For dual-luciferase reporter assay, each well was cotransfected with 500 ng of Poβ-actin promoter/pGL3-basic constructs (deletion mutation constructs), 10 ng of pRL-TK plasmid (Promega, Madison, WI, USA), which served as an internal control to ensure the transfection efficiency, 1 μL of P3000 and 1.5 μL of Lipo3000. The control cells were transfected with the pGL3-basic plasmid, which was a promoterless vector. The medium of each well was replaced with 500 μL of growth media containing 10% FBS after 6 h of transfection. The transfection was maintained for 24 h. The cells were washed with phosphate-buffered saline (PBS) and lysed with 100 μL of Passive Lysis Buffer (plb) provided in a dual-luciferase reporter assay system (Promega, Madison, WI, USA) for 15 min. Luciferase activity was measured with GloMax 20/20 Luminometer (Promega, Madison, WI, USA). The luminometer was programmed to perform a 2-s pre-measurement delay, followed by a 10-s measurement period for each reporter assay. Twenty (20) microliters of cell lysate was transferred into the EP tube containing 100 μL of Luciferase Assay Reagent II (LAR II) and firefly luciferase activities were measured. Then, 100 μL of Stop and Glo®Reagent (Promega, Madison, WI, USA) was added and the Renilla luciferase activities were read. The luciferase activities were obtained by the ratio of firefly to Renilla luciferase. All of the data were measured from three independent experiments.

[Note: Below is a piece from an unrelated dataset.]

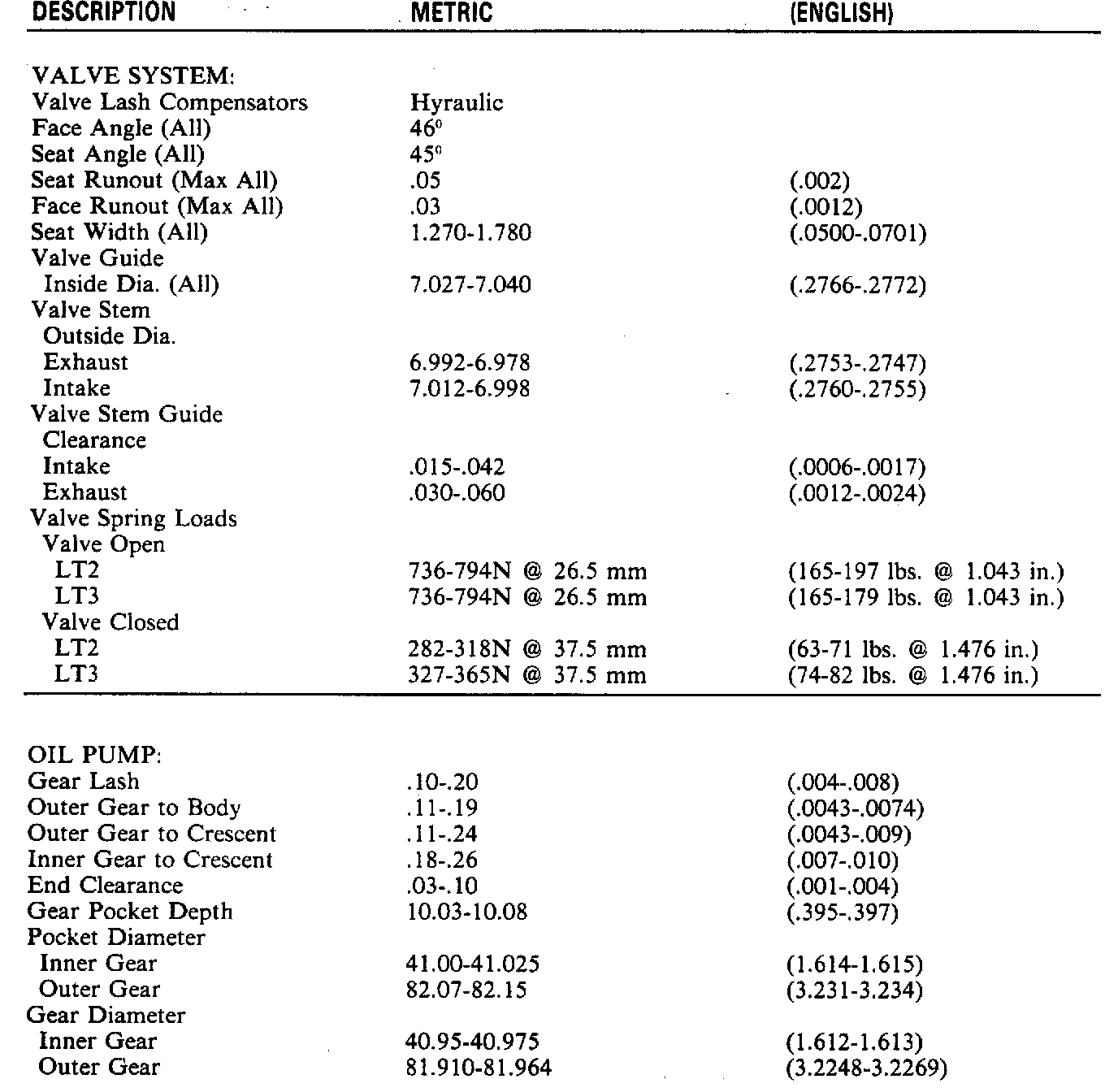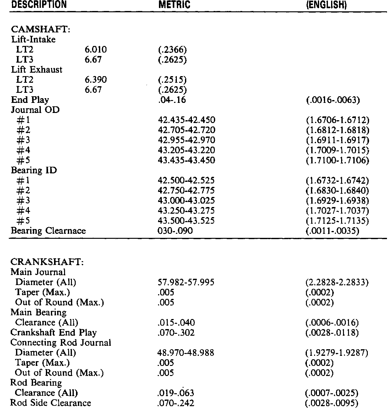 Engine Specifications:

For the GFP reporter assay, each well was transfected with 500 μL of transfection mixture containing 500 ng of Poβ-actin promoter/pEGFP-1 plasmid (Clontech, Dalian, China). The positive control cells were transfected with the vector driven by the CMV promoter (pEGFP-C1) to determine transfection efficiency. In addition, the negative control cells were transfected with the promoterless vector pEGFP-1 (Clontech, Dalian, China). The transfection was maintained for 48 h. The GFP-positive cells of each sample from three independent experiments were counted under an inverted fluorescence microscope.

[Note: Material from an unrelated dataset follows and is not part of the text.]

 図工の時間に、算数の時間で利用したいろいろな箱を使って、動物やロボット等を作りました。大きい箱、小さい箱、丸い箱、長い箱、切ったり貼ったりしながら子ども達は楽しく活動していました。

4.8. Screening of Poβ-actin-EGFP Overexpression Cells

To determine the optimal concentration of Geneticin (G418) (Hanheng Biotechnology, Shanghai, China) for FEC cells, the cells were passaged in 24-well plate. G418 selection was started at two days after cell passage. Different dosages of G418 arranging from 0 to 900 μg/mL were used to incubate with the cells. Then the proportion of cell death was counted under an inverted microscope (Ti-E/Ti-U; Nikon, Tokyo, Japan). After 15 days, the lowest concentration that caused FEC cells all death was selected as the optimal concentration of G418 for treated FEC cells.

Then the eGFP-Poβ-actinΔ−1080/−801Δ−500/−201 plasmid was transfected into the FEC cells using Lipofectamine®3000 (Invitrogen; Carlsbad, CA, USA). The cells were incubated at 24 °C in complete DMEM/F12 medium containing optimal concentration G418 for 14 days for selection of positive cells. The Cells were then cultured at 24 °C in DMEM/F12 medium containing half of optimal concentration G418. The transfection efficiency and purity of positive cells were evaluated according to the presence of green florescence, and the positive clones were selected. Cells were cultivated for two months without selection medium and the stability of the transfected vectors were monitored.

4.9. Statistical Analysis

The data of the luciferase assays were tested using Excel and SPSS (19.0, IBM, New York, USA). The significance of the differences among the samples were calculated using one-way analysis of variance (ANOVA) followed by Duncan’s test. All data were expressed as mean ± standard deviation. p values of < 0.05 were considered statistically significant.